Sunday, April 20, 2014

DID & Authenticity


Dissociative Identity Disorder
&
The Question of Authenticity

            Many of us find ourselves contemplating the question of “who am I” at some point or another; perhaps we are pursuant of a spiritual connection to our place in the universe or may be hoping to connect with ourselves veritably. Evaluating the supposition of authenticity highlights the fact that fidelity to self is layered and complex.  The foundation is characterized by a knowing; awareness of internal strata and facets of one’s constitution.  Secondary to knowing is acceptance of one’s characteristics; only with knowledge and acceptance of who we are can we begin to navigate our relationship to the world around us. Presenting ourselves genuinely without fear or regret is risky and requires significant ego strength; the venture of rejection of true self is more painful than that of a disingenuous self.  Relating to others in a real way while being accepted simultaneously is a challenge for all of us; individuals with Dissociative Identity Disorder (DID) are faced with a normal question that is complicated by multiplicity (and it’s functions).
            The basal layer of authenticity poses a problem to dissociative individuals; the function of fragmenting can be to hide selves from the self.  Presupposing this is a protective process, how does one connect to who they are if overwhelming information is held in the answer to the question?

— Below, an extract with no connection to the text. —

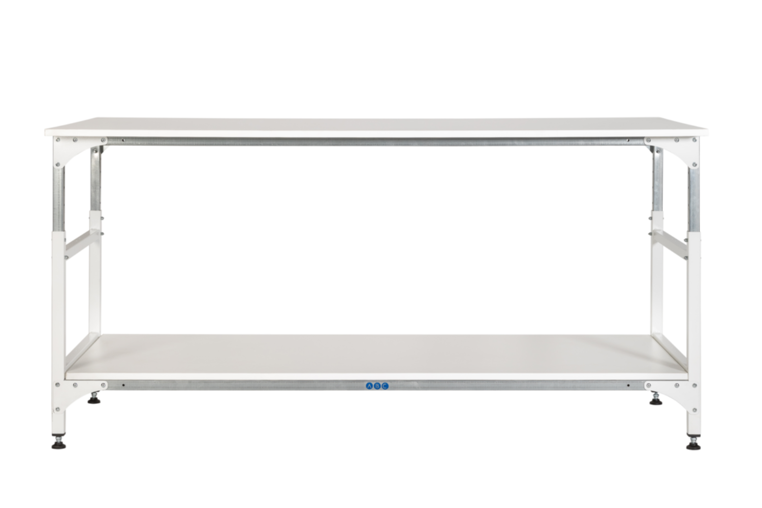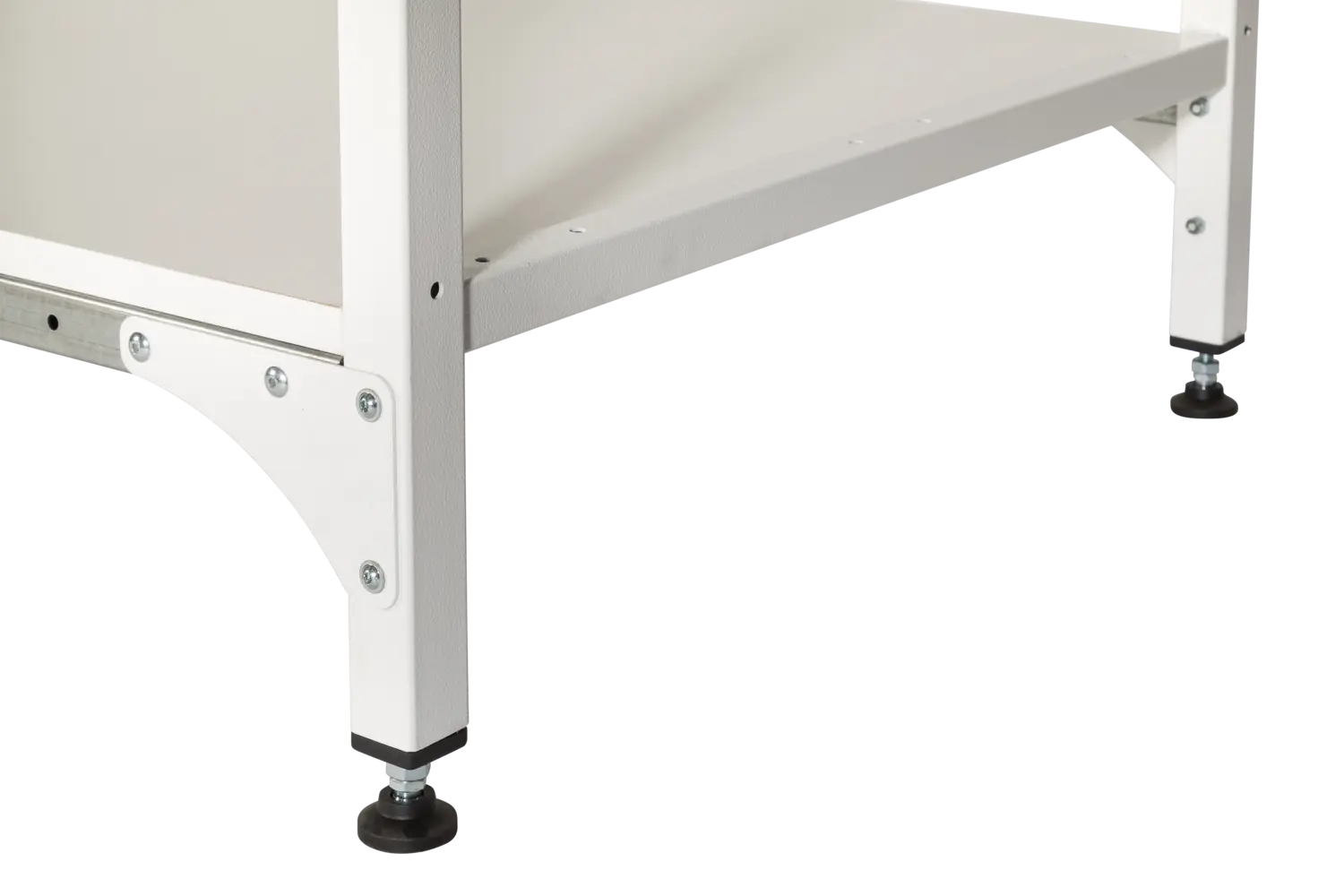 Lo que hace especial a este banco de trabajo es su estante superior regulable en altura que se adapta al operario y al tipo de trabajo. La altura mínima es de 77 cm, hasta un máximo de 110 cm.
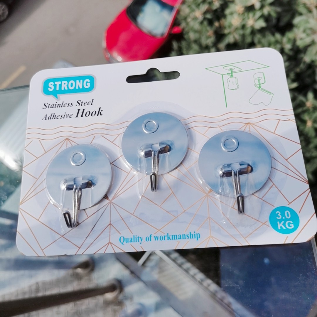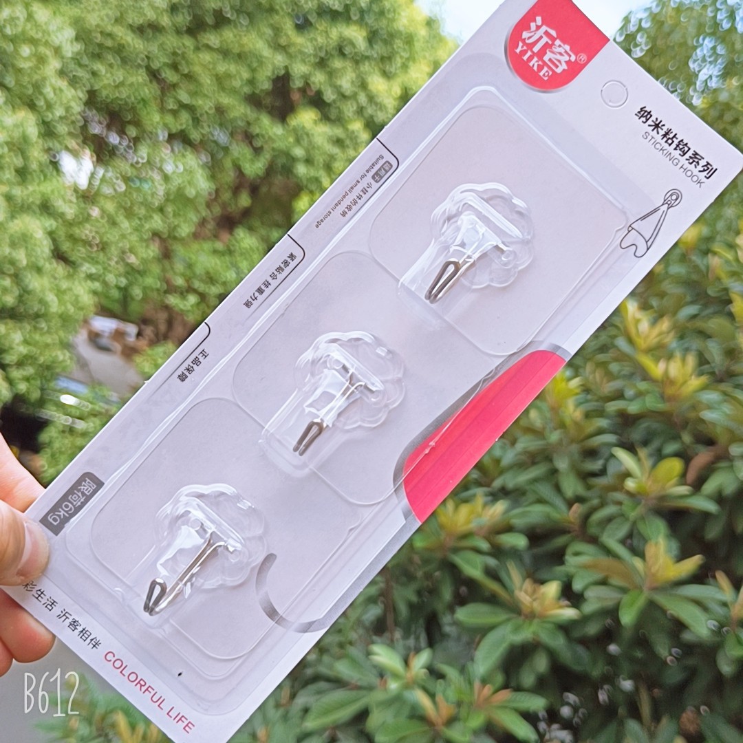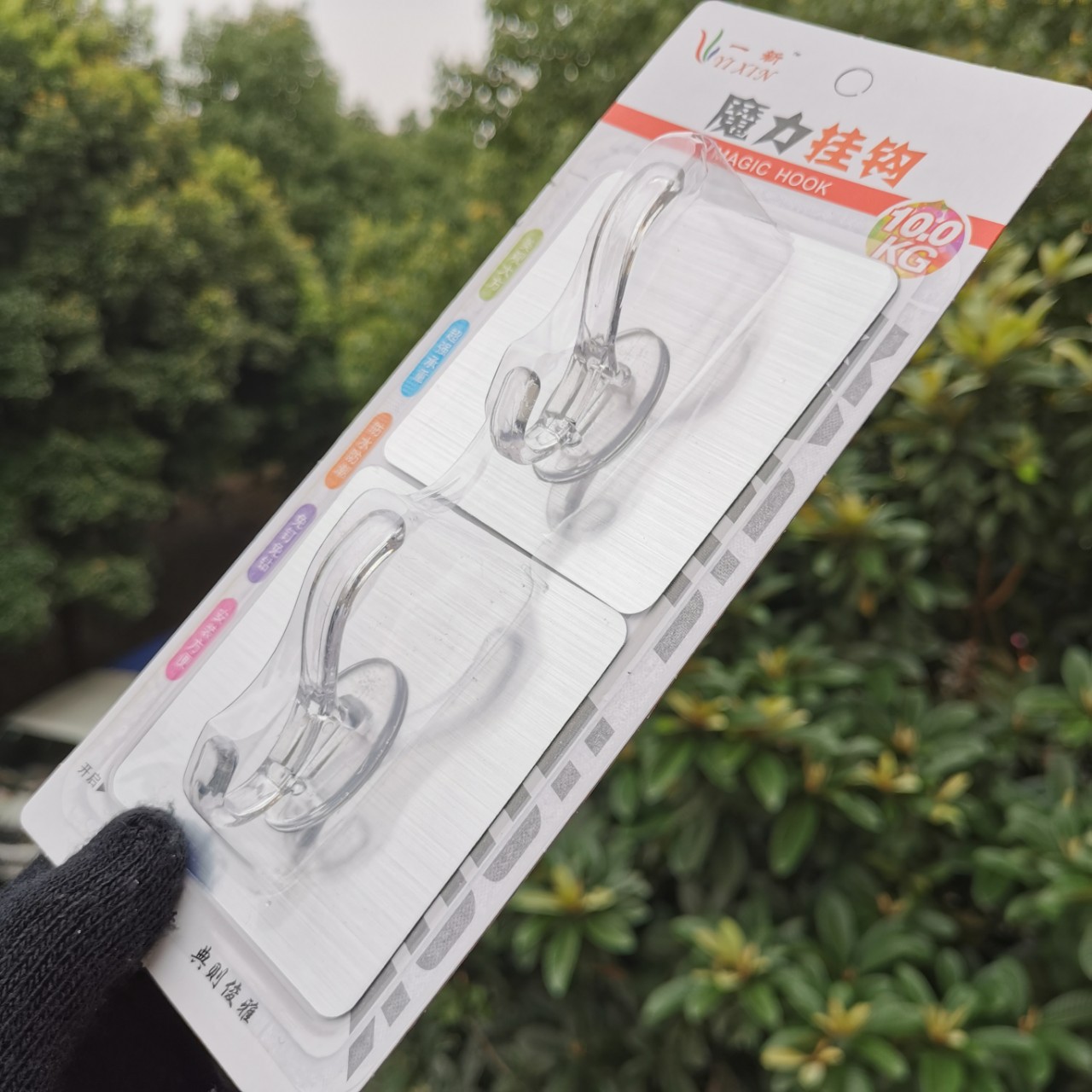 批发3个装强力无痕粘钩免打孔挂钩厨房浴室门后墙壁透明挂衣钩

Parts or “alters” are often hidden from view or are “behind the curtain” of consciousness in order to protect the rest of the system.  Self-awareness can seem commensurate to emotional gambling.
            The second layer of authenticity requires acceptance. Assuming trauma is the etiological base behind DID, acknowledgement of some alters can feel parallel to an acceptance of unacceptable events.  Protective alters who hold anger, self-injure, engage in addictive, or violent behavior are often completely rejected by the rest of the internal system.  Child alters (who often hold the traumatic memories) are sometimes viewed by the rest of the system as pathetic, shameful and weak.  Managerial alters do find external belonging, but become fatigued from their overwhelming task of hiding and pushing for success. Recognition of a fragmented identity may equate to acceptance of the past, acceptance of a controversial diagnosis, and acceptance of an experience that many people will find challenging to connect to.

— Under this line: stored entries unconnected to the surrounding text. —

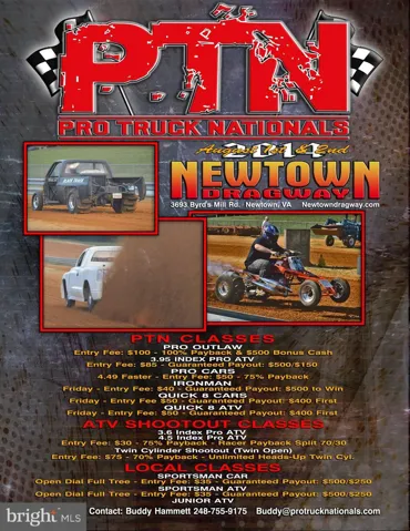 Newtown Dragway in Newtown, Virginia has been in operation since 2000 and it is FOR SALE! Check out their website and social media for a list of the current events at this very active and popular sand drag facility! 30 minutes from Richmond, 1 hour from Fredericksburg and 90 minutes from Chesapeake…Right in the middle of large population centers, however rural enough as to not be affected by urban sprawl that is the downfall of a lot of racing facilities around the country. Rarely does an opportunity come along on the East Coast to purchase a fully operating and modern racing facility, and now’s your chance!
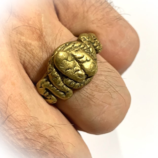 The ring itself is formed into the shape of two snakes entwined, in ancient primitive style of bygone eras, and exudes an aura of power through the alchemical metal substance. Famous for Maha Pokasap and its power to protect.
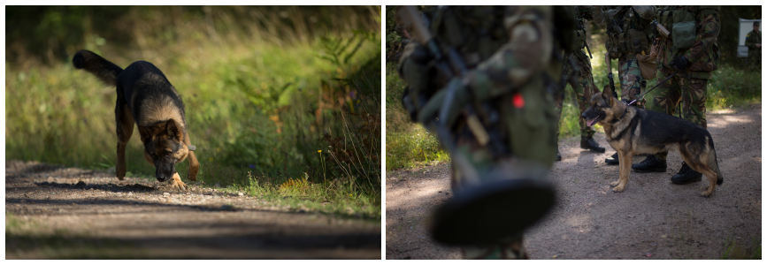 Vandaag worden de Nederlanders ook nog eens ondersteund door een explosieven-speurhond van de luchtmacht. Terwijl de mariniers met hun metaaldetector het eerste pad vrijmaken, volgen Billy en zijn begeleider direct in het spoor. Pas als de omstandigheden geschikt zijn, komt deze speurneus in actie. Als de risico’s voor de hond minimaal zijn, laat zijn begeleider sergeant Manfred hem los. ‘Tripwires’ (struikeldraden), die een IED doen afgaan, maken het voor de speurneus bijvoorbeeld te gevaarlijk. Dan gaat het hard. Billy schiet de mariniers voorbij en raast, neus aan de grond, de bocht door. Na ongeveer 50 meter roept zijn baas hem terug. Wat de mariniers met alle technologie een uur bezig zou houden, doet de hond in minder dan een minuut.
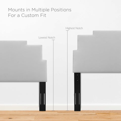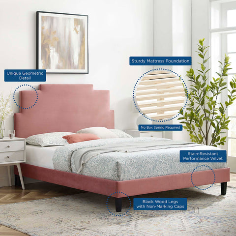 Elevate the style in a guest bedroom or teenager's bedroom with the Lindsey Performance Velvet Full Platform Bed. The padded headboard of this full size bed features luxe texture, clean lines, and escalating silhouette. Rich in glam deco style and vintage modern elegance, this upholstered bed is covered in stain-resistant performance velvet and is a sturdy mattress foundation for memory foam, innerspring, latex, and hybrid mattresses. Eliminating the need for a box spring, the MDF frame of this full platform bed is complete with a wood slat support system crafted with poplar for lasting durability and support. This slatted bed frame rests on black wood legs with non-marking foot caps and includes a reinforced center beam with two support legs for enhanced stability. Assembly required. Full Bed Weight Capacity: 800 lbs.
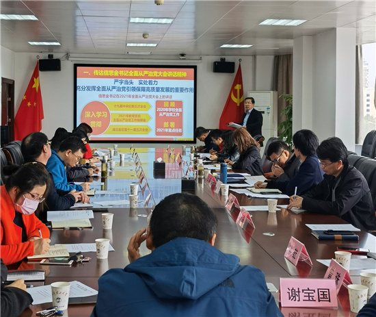 国产视频 党委书记童泽望传达了信思金书记在国产视频 全面从严治党大会上所作的题为《严字当头 实处着力 充分发挥全面从严治党引领保障高质量发展的重要作用》的讲话精神。他聚焦深入学习贯彻上级会议精神、回顾2020年国产视频 全面从严治党工作、部署2021年国产视频 全面从严治党重点任务等三个方面对信书记的讲话精神进行宣贯,重点传达了国产视频 2021年全面从严治党工作的六个要求,并对国产视频执行国产视频党委、党委书记、领导班子其他成员落实全面从严治党“一岗双责”责任清单工作进行了安排。

            A common theme that arises in working with DID reflects this quandary; how can I be myself if my self changes?. Essentially this is a logistical question; how does one establish an authentic connection to the outside world when it feels like one’s demographics are in flux? Age, gender, and race are significant determinants of who we relate with and how relationships develop.  Small children like to play in very different ways than teens or adults do; men develop different relationships with women than they do with men and adolescents think adults are ridiculous. What if you are male sometimes, a five year-old at other times, or an adolescent girl at others?  This is an experiential truth for those with DID and it is very unclear as to how to be real and accepted under the umbrella of fragmentation. 
            When asked the question of how to relate to others in a way that feels real, my response is likely fairly inadequate.  I can only acknowledge the reality that DID is difficult even for some mental health professionals to accept (although research is making this more and more challenging); friends, family members, co-workers, and strangers are even less prepared to navigate such relationships.  There is truth in this experience and I have not discovered the right answer to living authentically in a world that is accustomed to and expects continuity.   It could be argued that we all are multi-faceted and are accustomed to disguising our vulnerability or less acceptable components of personality. Authenticity is a collective challenge, although it is a far more complex aspiration for those whose experience of who they are is relatively fluid.  Someone who lives with alters may say that in order to be genuine, they may require acknowledgement of all parts of self, to accept them, and to interact with the world from varying perspectives.